Kampanye negatif pada akhirnya hanyalah instrumen yang dipakai satu pihak untuk mengalahkan rival politiknya. Semuanya bersifat praktis dan pragmatis. Semuanya demi kepentingan syahwat sesaat. Hampir tidak ada tujuan mulia di balik perilaku kampanye negatif.
Inilah sisi buruk lain dari perilaku politik. Akhlakul karimah (akhlak yang muia) adalah ajaran luhur yang berkedudukan sangat penting dalam ajaran Islam. Motivasi dan etika menjadi penentu apakah perilaku kita kelak diterima oleh Allah atau tidak. Rasul yang mulia juga secara jelas dan tegas dalam haditsnya yang terkenal menyatakan bahwa target akhir dari risalah yang ia perjuangkan adalah terbentuknya masyarakat yang santun, beradab, dan berkhlak mulia (innamaa bu’itstu li utammima makarmal akhlaq).
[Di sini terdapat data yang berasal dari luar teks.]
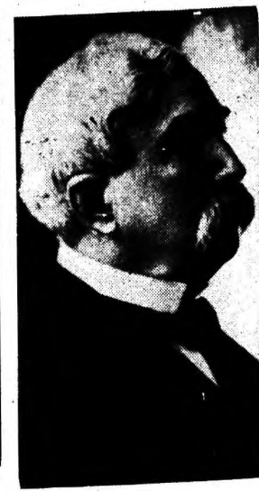
Psychic Observer THOMSON JAY HUDSON

He is the author of one of the greatest classics in the field of Spiritualism... the book "The Law of Psychic Phenomena," a working hypothesis for the systematic study of Hypnotism, Spiritism and Mental Therapeutics. (Dale News, Inc.—used copies, $1.50).
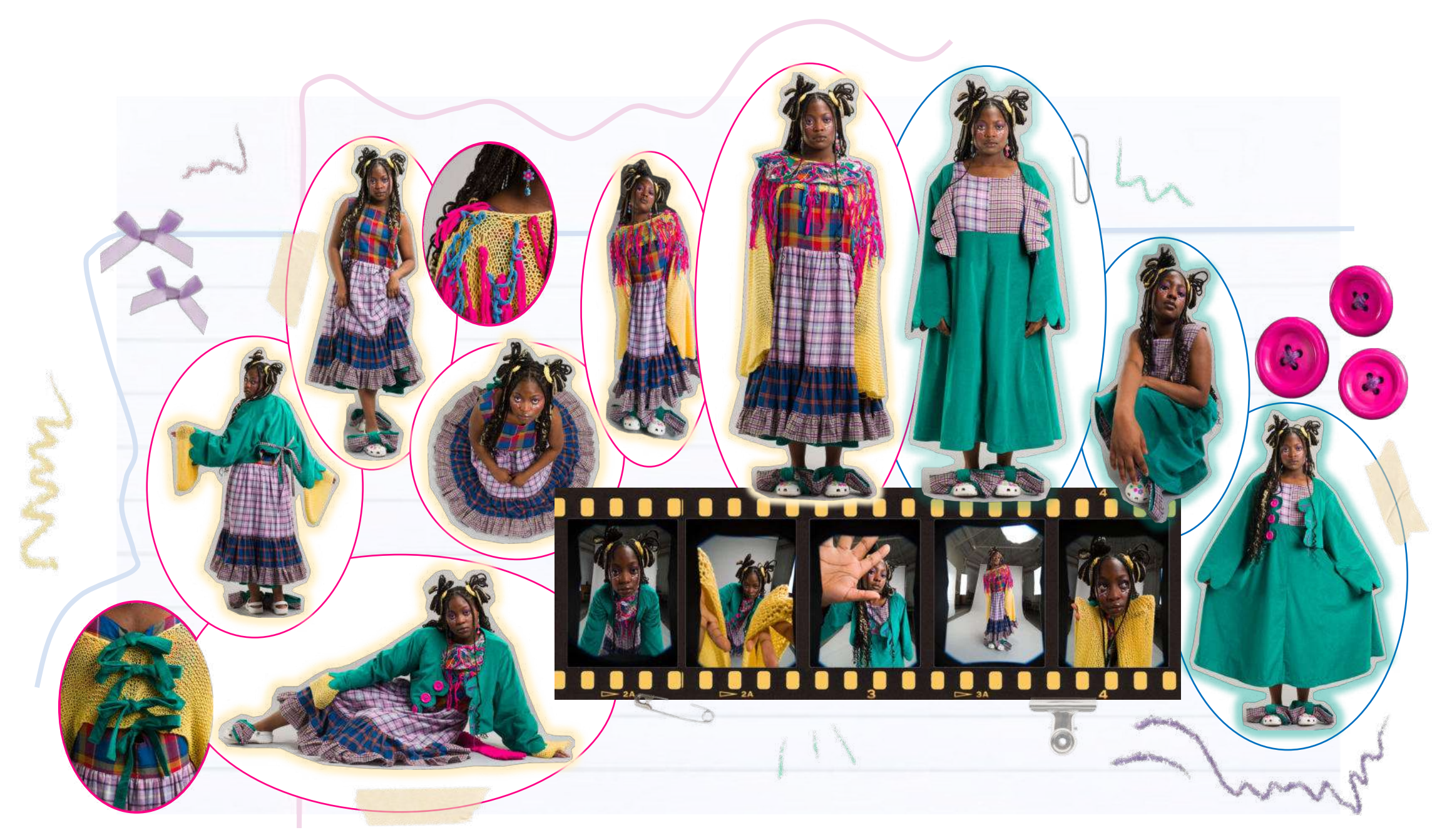
Outfit 1, Professional Photoshoot
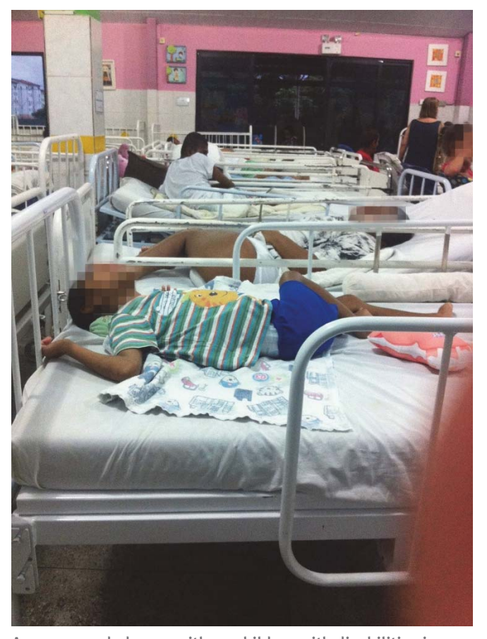
An overcrowded room with 40 children with disabilities in an institution in Bahia. Many institution managers reported that they had insufficient staff to care for the large number of residents.

with high support needs lay down almost continuously, being brought out of bed and placed in a wheelchair only for short periods.<sup>27</sup> In one of the institutions Human Rights Watch visited in Rio de Janeiro, dozens of people with so-called "severe" disabilities were separated on the upper floor of the building. Up to eight people lived in small rooms, some of them restrained to metal bars of the bed by a cloth around their waists. A nurse in this institution said that people there "never leave the room."28
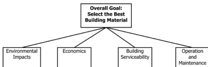
FIG. 6 An Example Hierarchy for the Problem of Selecting a Building Material

Al-Quran surat Al-Hujurat ayat 12 bahkan menyatakan bahwa mengedepankan prasangka (zhan), menelisik keburukan (tajassus), dan membicarakan keburukan orang lain (ghibah) adalah tiga serangkai keburukan yang sangat menjijikkan. Ketiganya berjalin berkelindan. Satu perilaku dipastikan terkait dengan perilaku lainnya. Berdasarkan ayat tersebut, berburuk sangka, memata-matai, dan meng-ghibah, sama sekali tidak bersesuaian dengan keimanan dan ketakwaan. Orang yang masih memendam perilaku seperti itu tingkat keimanan dan ketakwaannya dipastikan sangat rendah, atau malah tidak ada sama sekali.
Dalam berbagai teks hadits disebutkan bahwa sekali orang meng-ghibah, ia akan kehilangan pahala atas amalan baiknya yang sudah dilakukan bertahun-tahun. Para ulama kita menyatakan bahwa ini adalah hukuman yang setara, karena harga diri (reputasi) seseorang yang sudah dibangun selama bertahun-tahun menjadi runtuh hanya dengan sekali ghibah yang dilakukan orang lain.
Inilah hal yang seringkali luput dari perhatian para politisi Muslim. Benar bahwa di negara kita, politik secara konseptual dipisahkan dari agama. Hanya saja, segala macam perilaku kita tidak pernah lepas dari pertanggungjawaban di hadapan Allah. (Editorial/LiputanIslam.com)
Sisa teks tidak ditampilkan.